# Data:
+-------+
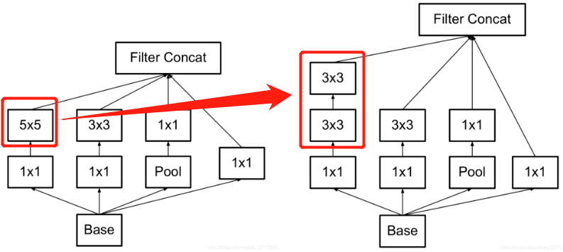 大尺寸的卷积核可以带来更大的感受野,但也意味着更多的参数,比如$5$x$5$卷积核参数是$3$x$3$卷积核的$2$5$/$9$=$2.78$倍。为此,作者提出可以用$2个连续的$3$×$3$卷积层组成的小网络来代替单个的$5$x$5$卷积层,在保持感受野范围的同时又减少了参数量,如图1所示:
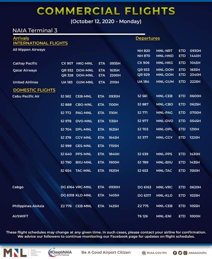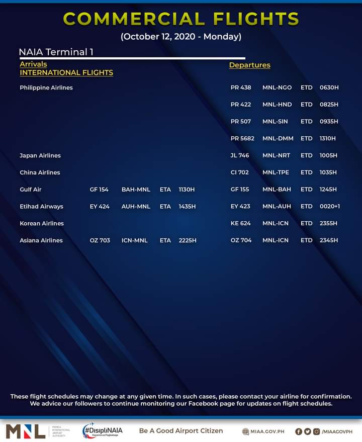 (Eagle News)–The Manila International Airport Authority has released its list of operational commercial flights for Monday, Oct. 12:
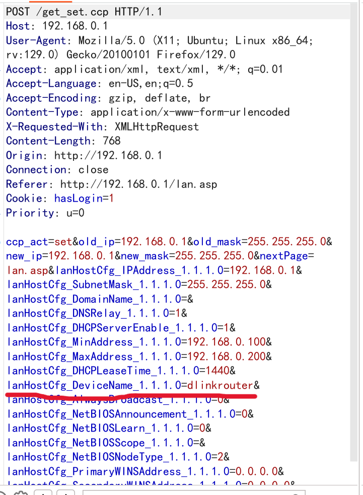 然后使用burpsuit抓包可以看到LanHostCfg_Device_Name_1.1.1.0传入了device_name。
+-------+
# Exercise instructions:
Return every line above verbatim, pictures excluded.

# Reply:
 大尺寸的卷积核可以带来更大的感受野,但也意味着更多的参数,比如$5$x$5$卷积核参数是$3$x$3$卷积核的$2$5$/$9$=$2.78$倍。为此,作者提出可以用$2个连续的$3$×$3$卷积层组成的小网络来代替单个的$5$x$5$卷积层,在保持感受野范围的同时又减少了参数量,如图1所示:
 (Eagle News)–The Manila International Airport Authority has released its list of operational commercial flights for Monday, Oct. 12:
 然后使用burpsuit抓包可以看到LanHostCfg_Device_Name_1.1.1.0传入了device_name。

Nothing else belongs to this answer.